*WHAT NEEDS TO BE DONE*
Starting at the line containing "由于戴著口罩上課,張老師為讓" and ending at the line containing "Színezüst széldíszes érem, elő- és", print every line of the material below exactly, both ends included, and stop there.
◇ ◇ ◇ ◇
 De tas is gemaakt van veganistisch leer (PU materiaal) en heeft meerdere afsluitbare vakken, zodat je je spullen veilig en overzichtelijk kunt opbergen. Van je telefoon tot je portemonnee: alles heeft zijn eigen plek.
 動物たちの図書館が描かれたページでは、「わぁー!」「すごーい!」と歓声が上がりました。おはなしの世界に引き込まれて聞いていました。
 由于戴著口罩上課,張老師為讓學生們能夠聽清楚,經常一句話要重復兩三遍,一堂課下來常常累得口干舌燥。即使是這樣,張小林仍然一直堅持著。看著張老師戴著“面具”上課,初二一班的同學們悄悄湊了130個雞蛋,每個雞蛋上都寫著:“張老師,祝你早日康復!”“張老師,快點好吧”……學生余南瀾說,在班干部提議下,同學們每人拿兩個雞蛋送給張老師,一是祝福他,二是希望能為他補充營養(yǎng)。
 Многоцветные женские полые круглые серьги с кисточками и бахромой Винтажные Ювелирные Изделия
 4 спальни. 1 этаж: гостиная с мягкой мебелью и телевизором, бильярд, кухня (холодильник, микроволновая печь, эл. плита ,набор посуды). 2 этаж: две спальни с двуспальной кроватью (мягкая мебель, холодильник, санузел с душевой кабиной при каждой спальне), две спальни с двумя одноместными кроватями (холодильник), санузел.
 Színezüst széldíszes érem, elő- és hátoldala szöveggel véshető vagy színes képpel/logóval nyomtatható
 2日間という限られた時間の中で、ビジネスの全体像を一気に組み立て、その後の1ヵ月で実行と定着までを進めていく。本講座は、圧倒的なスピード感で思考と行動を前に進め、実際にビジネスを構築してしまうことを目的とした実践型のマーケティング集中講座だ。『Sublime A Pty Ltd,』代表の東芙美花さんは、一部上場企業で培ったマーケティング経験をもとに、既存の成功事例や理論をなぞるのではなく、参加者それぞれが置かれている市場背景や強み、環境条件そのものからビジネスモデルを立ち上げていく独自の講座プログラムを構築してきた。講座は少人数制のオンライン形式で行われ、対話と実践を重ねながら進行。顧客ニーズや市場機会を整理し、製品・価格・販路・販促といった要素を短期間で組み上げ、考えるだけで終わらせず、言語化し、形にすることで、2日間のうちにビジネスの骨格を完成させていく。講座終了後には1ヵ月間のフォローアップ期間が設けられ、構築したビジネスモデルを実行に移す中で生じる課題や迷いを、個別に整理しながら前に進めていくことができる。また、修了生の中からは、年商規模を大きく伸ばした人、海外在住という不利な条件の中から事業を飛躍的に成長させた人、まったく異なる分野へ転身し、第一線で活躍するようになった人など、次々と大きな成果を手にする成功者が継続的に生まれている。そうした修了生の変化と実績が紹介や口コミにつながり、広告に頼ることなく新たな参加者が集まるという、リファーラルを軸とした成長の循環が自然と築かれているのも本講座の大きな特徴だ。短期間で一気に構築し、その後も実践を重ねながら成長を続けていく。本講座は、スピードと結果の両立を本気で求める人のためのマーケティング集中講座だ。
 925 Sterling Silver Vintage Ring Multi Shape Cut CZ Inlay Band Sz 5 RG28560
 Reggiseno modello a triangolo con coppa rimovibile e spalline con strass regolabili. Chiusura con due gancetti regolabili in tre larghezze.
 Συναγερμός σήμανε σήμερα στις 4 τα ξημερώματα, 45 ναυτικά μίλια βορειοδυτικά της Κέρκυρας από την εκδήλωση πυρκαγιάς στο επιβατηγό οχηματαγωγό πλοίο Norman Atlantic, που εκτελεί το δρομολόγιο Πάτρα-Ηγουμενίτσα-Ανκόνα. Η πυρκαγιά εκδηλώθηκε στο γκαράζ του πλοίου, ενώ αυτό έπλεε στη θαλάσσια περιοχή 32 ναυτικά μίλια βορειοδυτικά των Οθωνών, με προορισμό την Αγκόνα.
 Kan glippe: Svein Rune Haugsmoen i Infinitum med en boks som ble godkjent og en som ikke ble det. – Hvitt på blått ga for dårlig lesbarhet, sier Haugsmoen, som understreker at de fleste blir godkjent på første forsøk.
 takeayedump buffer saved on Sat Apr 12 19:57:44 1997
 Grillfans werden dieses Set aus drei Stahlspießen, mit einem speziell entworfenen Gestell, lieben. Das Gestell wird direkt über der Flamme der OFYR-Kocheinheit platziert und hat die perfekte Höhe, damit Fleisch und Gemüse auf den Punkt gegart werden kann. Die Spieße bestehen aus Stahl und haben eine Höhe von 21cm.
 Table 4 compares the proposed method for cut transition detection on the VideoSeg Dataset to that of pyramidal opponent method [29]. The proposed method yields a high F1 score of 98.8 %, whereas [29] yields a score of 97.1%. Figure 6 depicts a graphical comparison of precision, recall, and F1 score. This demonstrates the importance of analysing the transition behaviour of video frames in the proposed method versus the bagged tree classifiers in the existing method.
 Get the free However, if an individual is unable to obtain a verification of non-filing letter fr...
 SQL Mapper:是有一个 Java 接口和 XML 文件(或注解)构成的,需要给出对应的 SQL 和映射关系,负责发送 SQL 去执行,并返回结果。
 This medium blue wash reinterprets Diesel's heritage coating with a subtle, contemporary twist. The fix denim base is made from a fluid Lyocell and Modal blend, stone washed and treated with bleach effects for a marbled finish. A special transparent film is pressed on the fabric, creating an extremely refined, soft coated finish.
◇ ◇ ◇ ◇
*RESPONSE BELOW*
 由于戴著口罩上課,張老師為讓學生們能夠聽清楚,經常一句話要重復兩三遍,一堂課下來常常累得口干舌燥。即使是這樣,張小林仍然一直堅持著。看著張老師戴著“面具”上課,初二一班的同學們悄悄湊了130個雞蛋,每個雞蛋上都寫著:“張老師,祝你早日康復!”“張老師,快點好吧”……學生余南瀾說,在班干部提議下,同學們每人拿兩個雞蛋送給張老師,一是祝福他,二是希望能為他補充營養(yǎng)。
 Многоцветные женские полые круглые серьги с кисточками и бахромой Винтажные Ювелирные Изделия
 4 спальни. 1 этаж: гостиная с мягкой мебелью и телевизором, бильярд, кухня (холодильник, микроволновая печь, эл. плита ,набор посуды). 2 этаж: две спальни с двуспальной кроватью (мягкая мебель, холодильник, санузел с душевой кабиной при каждой спальне), две спальни с двумя одноместными кроватями (холодильник), санузел.
 Színezüst széldíszes érem, elő- és hátoldala szöveggel véshető vagy színes képpel/logóval nyomtatható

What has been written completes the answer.